**EXERCISE:**
An exact copy of the listing below is required, minus its pictures.

**SUPPLIED INFORMATION:**
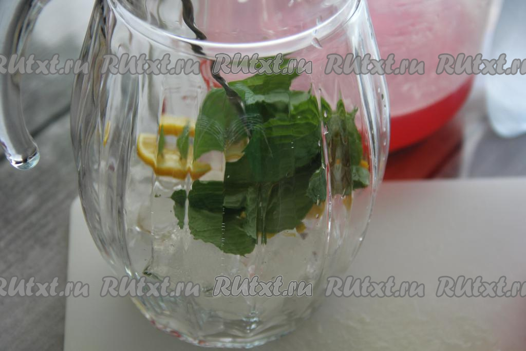 1/4 лимона нарезать на полукружочки, добавить в графин вместе с листочками мяты.
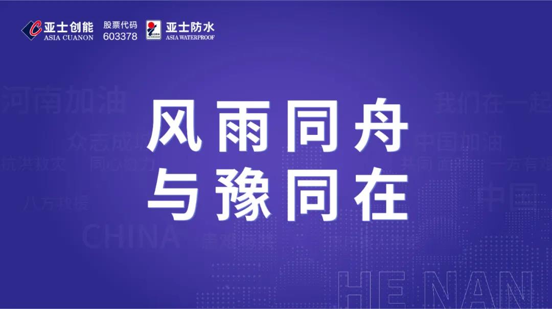 天災無情人有情,亞士創能與河南人民風雨同舟,與豫同在。下一步,亞士創能將密切關注河南災情變化情況,秉持亞士創能一貫的責任和擔當,為抗洪救援做出更多貢獻。
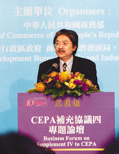 出席同一場合的財政司司長曾俊華表示,CEPA實施將近四年,對內地和香港經濟發展作出巨大貢獻。CEPA進一步鞏固香港在區域和國際市場的地位讓外國投資者也可以享有CEPA的優惠待遇。
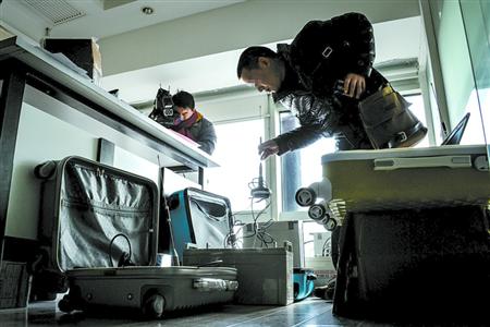 警方曾在国定东路一写字楼内查获一家涉嫌违规设立通讯基站传播广告的单位。/肖允
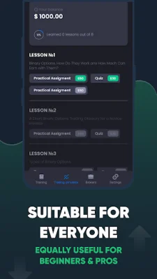 Some of the main features of our app include a training course divided into three parts based on the trader's level, real-time market simulator with virtual funds, and professional analytical tools and interactive charts for making informed decisions. Users can also trade a variety of assets, including stocks, bonds, currencies, futures, and cryptocurrencies, all on one platform.

**ANSWER BELOW:**
 1/4 лимона нарезать на полукружочки, добавить в графин вместе с листочками мяты.
 天災無情人有情,亞士創能與河南人民風雨同舟,與豫同在。下一步,亞士創能將密切關注河南災情變化情況,秉持亞士創能一貫的責任和擔當,為抗洪救援做出更多貢獻。
 出席同一場合的財政司司長曾俊華表示,CEPA實施將近四年,對內地和香港經濟發展作出巨大貢獻。CEPA進一步鞏固香港在區域和國際市場的地位讓外國投資者也可以享有CEPA的優惠待遇。
 警方曾在国定东路一写字楼内查获一家涉嫌违规设立通讯基站传播广告的单位。/肖允
 Some of the main features of our app include a training course divided into three parts based on the trader's level, real-time market simulator with virtual funds, and professional analytical tools and interactive charts for making informed decisions. Users can also trade a variety of assets, including stocks, bonds, currencies, futures, and cryptocurrencies, all on one platform.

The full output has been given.